We’ve got some functions, now just need some events and parameter samples to put everything into practise. Lets set up a standard Hawkes process.

bg = 0.5
kappa = 0.5
kernel = Distributions.Exponential(1/0.5)

simEvents = HawkesProcesses.simulate(bg, kappa, kernel, 1000)

bgSamples, kappaSamples, kernelSamples = HawkesProcesses.fit(simEvents, 1000, 1000)

bgSamples = bgSamples[500:end]
kappaSamples = kappaSamples[500:end]
kernelSamples = kernelSamples[500:end]

(mean(bgSamples), mean(kappaSamples), mean(kernelSamples))
(0.41608630082628845, 0.5735136278565907, 0.45633101066029247)

The final posterior samples are quite close the actually values, which is reassuring! We can now calculate the components of the DIC.

posteriorSamples = posterior(simEvents, bgSamples, kappaSamples, kernelSamples, 1000)
posteriorMean = posterior(simEvents, mean(bgSamples), mean(kappaSamples), mean(kernelSamples), 1000)
pdic = 2*(posteriorMean - mean(posteriorSamples))
dic = -2*mean(posteriorSamples) + 2*pdic
2147.693328671947

There we have it, simple to calculate and can now be used to critique the model. For example, we could fit another Hawkes model with a different kernel, calculate the DIC using the new samples and compare the values, the better fitting model will have a lower DIC value.

Bonus: Multithreading

using BenchmarkTools

The above function for calculating the posterior across the parameter samples can be easily parallelised in Julia 1.5 with some multithreading. Giving Julia access to the threads and the decorating the for loop with Threads.@threads will give us an easy speed boost in calculating the values.

To let Julia know you’ve got threads available you’ll need to prefix your Julia startup:

> NUM_JULIA_THREADS=4 julia

To see if it worked then call (in Julia)

Threads.nthreads()

which should print out what ever number you set it too above (or the maximum number of threads you’ve got on your machine).

We can now adapt the posterior function to take advantage of threads.

function posterior_threaded(events::Array{<:Number}, bg::Array{<:Number}, kappa::Array{<:Number}, kernelParam::Array{<:Number}, maxT::Number)
    posteriorVals = Array{Float64}(undef, length(bg))
    Threads.@threads for i in 1:length(bg)
        posteriorVals[i] = posterior(events, bg[i], kappa[i], kernelParam[i], maxT)
    end
    posteriorVals
end

Call both functions to make sure they are compiled then we are ready to benchmark them using the same data that we calculated the DIC with.

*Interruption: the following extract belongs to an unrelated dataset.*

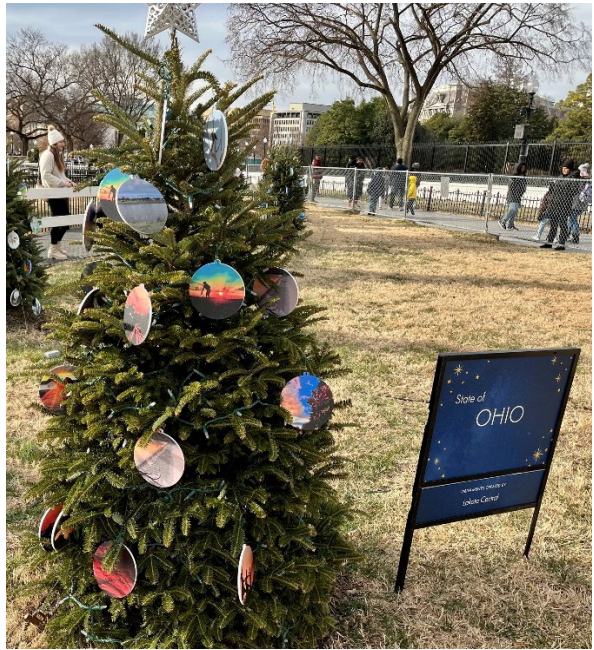
Figure 1- 2022 State of Ohio Christmas Tree at the Whitehouse. Ornaments designed by Lakota Central students.

Each year, the National Park Service and the National Park Foundation host the National Christmas Tree Lighting Ceremony in President's Park, one of America's 423 National Parks. The President is invited to light the National Christmas Tree in front of a live audience, which is recorded for national broadcast a few days

posterior(simEvents, bgSamples, kappaSamples, kernelSamples, 1000)
posterior_threaded(simEvents, bgSamples, kappaSamples, kernelSamples, 1000);

And now to benchmark:

benchmarkBasic = @benchmarkable posterior($simEvents, $bgSamples, $kappaSamples, $kernelSamples, $1000)
benchmarkThreaded = @benchmarkable posterior_threaded($simEvents, $bgSamples, $kappaSamples, $kernelSamples, $1000)

benchmarkBasic = run(benchmarkBasic, seconds=300)
benchmarkThreaded = run(benchmarkThreaded, seconds=300)
judge(median(benchmarkThreaded), median(benchmarkBasic))
BenchmarkTools.TrialJudgement: 
  time:   -36.63% => improvement (5.00% tolerance)
  memory: +0.00% => minvariant (1.00% tolerance)

There we have it, using 4 threads instead of just the 1 gives us a 35% time improvement without too much hard work, which is nice.